(RAW DATA)
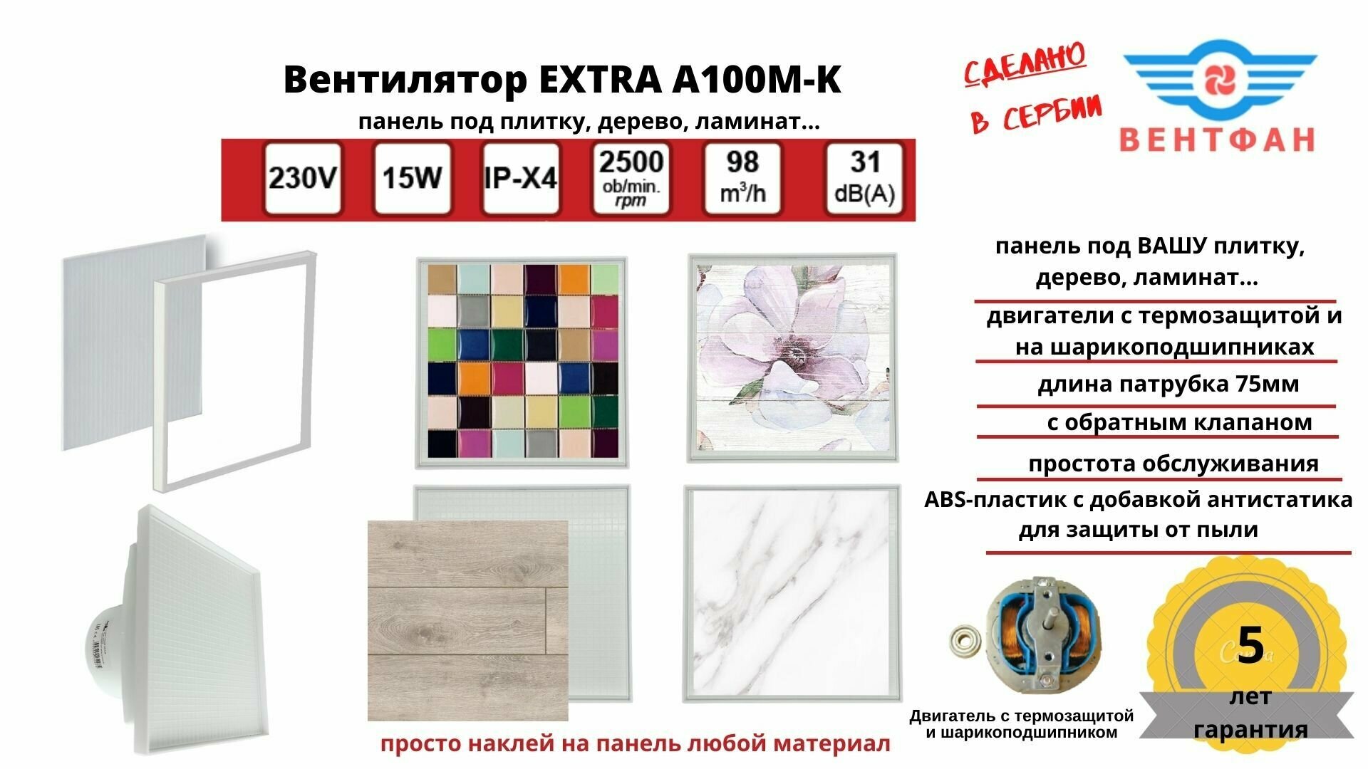 Вентилятор D100мм с панелью под вашу керамическую плитку и с обратным клапаном EXTRA A100М-PL, Сербия интересное:
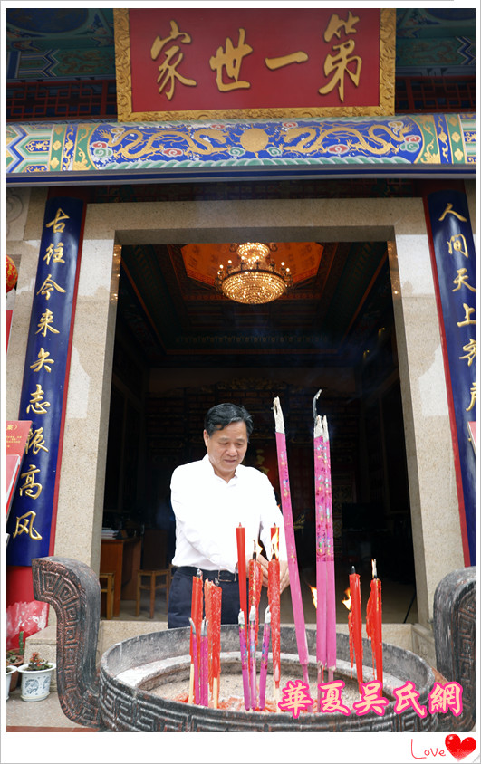 吴氏宗祠位于和谐城的第一排重要位置,充分体现出第一世家的荣耀与份量。吴国荣宗长在祭拜后,对吴氏宗祠的内外装修、文化内涵给予了高度评价。他说,单纯就建筑体量而言,吴氏宗祠在全国来讲,规模并不大,但从整个百家祠堂来看,其恢弘庄严的气势、典雅明亮的室内装潢、深厚悠远的文化底蕴与宗祠特色,在这里就表现得十分突出。这是我看过全国各地吴氏宗祠中,印象最深刻的宗祠。国荣会长在给泰伯先祖上香后,慷慨地给宗祠捐了5000元香火钱。
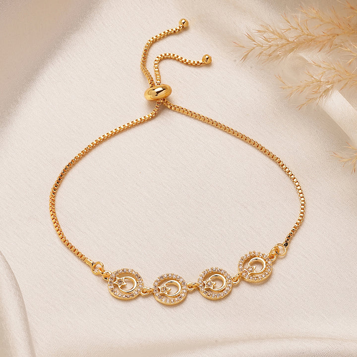 Exquisite American Diamond Round Motif Bracelet – Gold Finish, Airy-Light Party & Sangeet Look
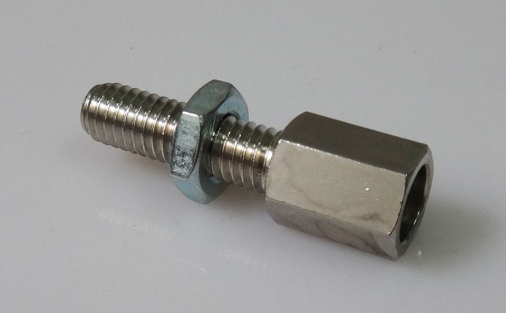 Винт с контргайкой для регулировки свободного хода троса газа. Резьба М6х1, длина резьбовой части 20 мм. Предназначен для использования с тросами до 1,8 мм Материал сталь.
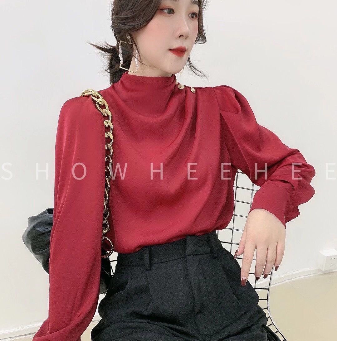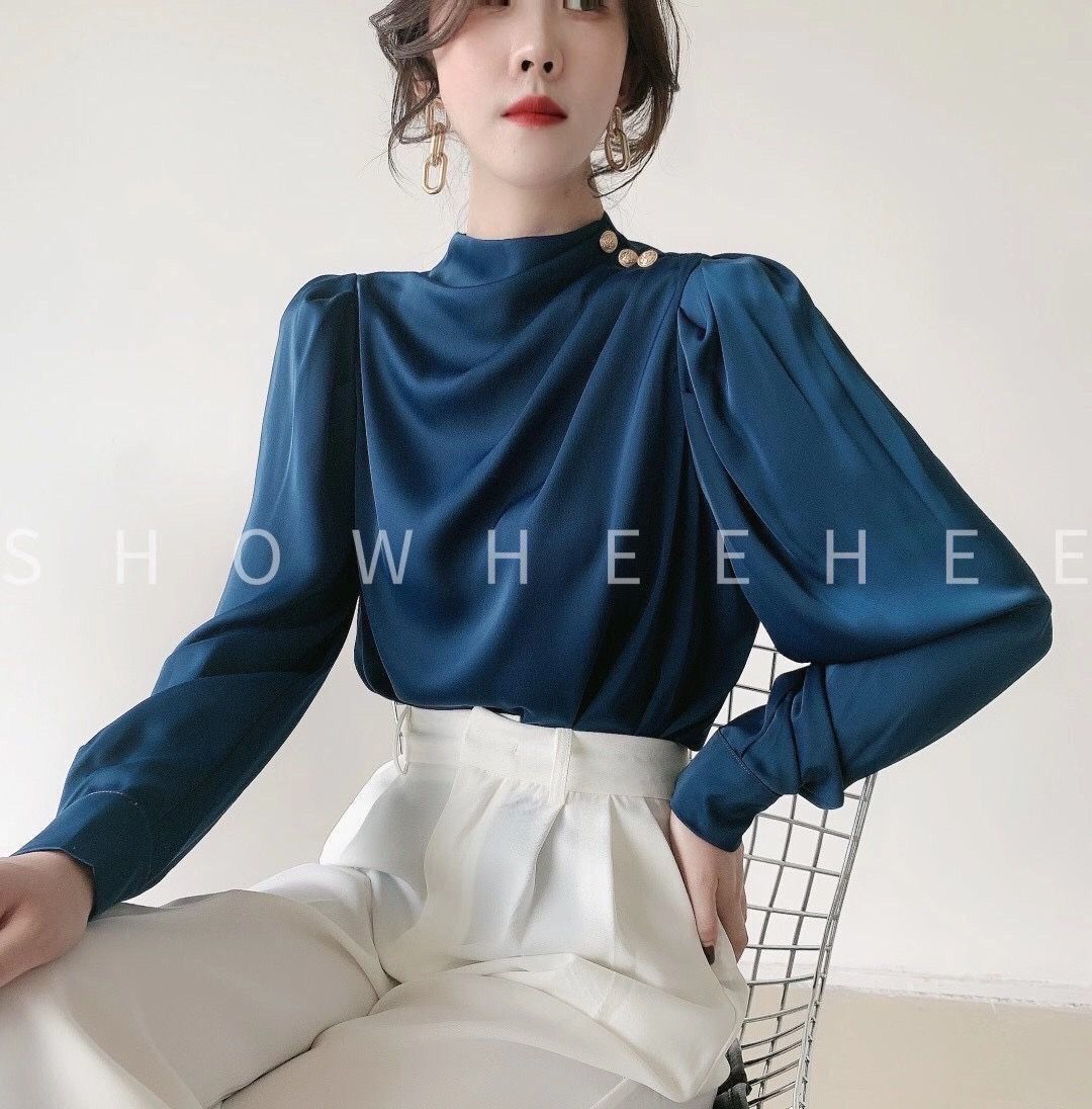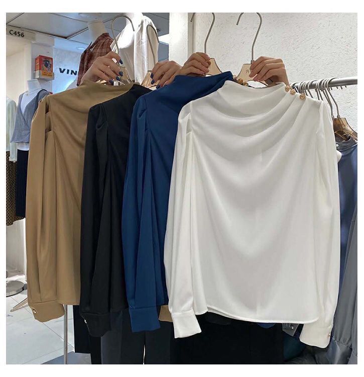 셔츠 여성 디자인 센스 틈새 레트로 홍콩 스타일 셔츠 새틴 Acetic 전문 세련된 패션 칼라 탑 가을

(EXERCISE OBJECTIVE)
Repeat all of the material above exactly, leaving out pictures.

(OUTPUT OF THE EXERCISE)
 Вентилятор D100мм с панелью под вашу керамическую плитку и с обратным клапаном EXTRA A100М-PL, Сербия интересное:
 吴氏宗祠位于和谐城的第一排重要位置,充分体现出第一世家的荣耀与份量。吴国荣宗长在祭拜后,对吴氏宗祠的内外装修、文化内涵给予了高度评价。他说,单纯就建筑体量而言,吴氏宗祠在全国来讲,规模并不大,但从整个百家祠堂来看,其恢弘庄严的气势、典雅明亮的室内装潢、深厚悠远的文化底蕴与宗祠特色,在这里就表现得十分突出。这是我看过全国各地吴氏宗祠中,印象最深刻的宗祠。国荣会长在给泰伯先祖上香后,慷慨地给宗祠捐了5000元香火钱。
 Exquisite American Diamond Round Motif Bracelet – Gold Finish, Airy-Light Party & Sangeet Look
 Винт с контргайкой для регулировки свободного хода троса газа. Резьба М6х1, длина резьбовой части 20 мм. Предназначен для использования с тросами до 1,8 мм Материал сталь.
 셔츠 여성 디자인 센스 틈새 레트로 홍콩 스타일 셔츠 새틴 Acetic 전문 세련된 패션 칼라 탑 가을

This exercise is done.